Standing like dark sentinels these dismal hills were tamed in the 1960’s and dressed in cloaks of greenery. Now they provide a dramatic backdrop to the leisure bowl that has become the Central Forest Park, an outstanding gateway to the City Centre, a sanctuary for wildlife and human creatures to share equally.
“Don’t worry, you can still follow the old path,” says Peter directing me through the maze of a children’s playground and a skateboard and Rollerblade Park. “Some of the path has been covered with tarmac but you can just see where it travels across the fields to an opening on the main road as it enters Hanley.”

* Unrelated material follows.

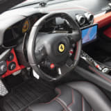 マッキナの間口の広さを示すようなフェラーリの登場。内外装にカーボン調の水圧転写を施してディテールアップしたほか、エアロの同色塗装、ルーフのマットブラックラッピングでバランスよくカラーコーデしています。とくにインテリアのコントラストのよさは出色の出来。マッキナの西坂サンが代理で登場です。

And this is where lane ends, where Thomas Cooper lost his way 165 years ago. It actually brings you out alongside Walker’s Greengrocers, itself a landmark among the confusion of streets at Providence Square. Even today it’s easy to become mixed-up in the frustrating mishmash of converging roads where the boundaries of Sneyd Green, Birches Head, Northwood and Hanley meet. The grandson of the founder of Walker’s Greengrocers is 78 year old Arthur Walker.
“My grandfather had a coal business and my grandmother was a Hawley who owned the greengrocery which was then further along on the corner of Ricardo Street,” recalls Arthur. “In 1939 we bought the shop where we are now for £750. The path at the side led into red ash fields known as the Hollies and it passed between the two tips one of which was burning for years.
My dad Harry walked this lane every day to Cobridge where he was head thrower of Moorcroft’s exhibition pottery. There were many terraced streets here when I was a boy, most have been demolished. Of course the big feature was Hanley Deep Pit that ran from the Square to Union Street almost reaching Hanley town centre.”
[Note: Ricardo Street,
Hanley was renamed Merrick Street in the 1950's]
postcard of Providence Chapel,
Upper Hanley, Erected 1839
provided by: John Booth
Arthur’s recall of long vanished businesses is impressive.
“The Providence Chapel once stood in the middle island,” he recounts.
“Next door was Gommersall’s pawnbroker. Then Baddeley’s who made tin water-bottles for the miners, Ted Buckley’s barbers, Tom Jones tobacconist, Kirkham’s butchers and Foxall’s greengrocers; Finney’s and Weatherby’s, Baxter’s Buses depot, Ibbs removals, a Chinese laundry, a clog shop and Watson’s piano shop. Providence Square always has been a tricky but important road junction.”
Just think all this going on beneath the Forest Park and the busy road junction. It’s no wonder poor Thomas Cooper managed to get himself lost.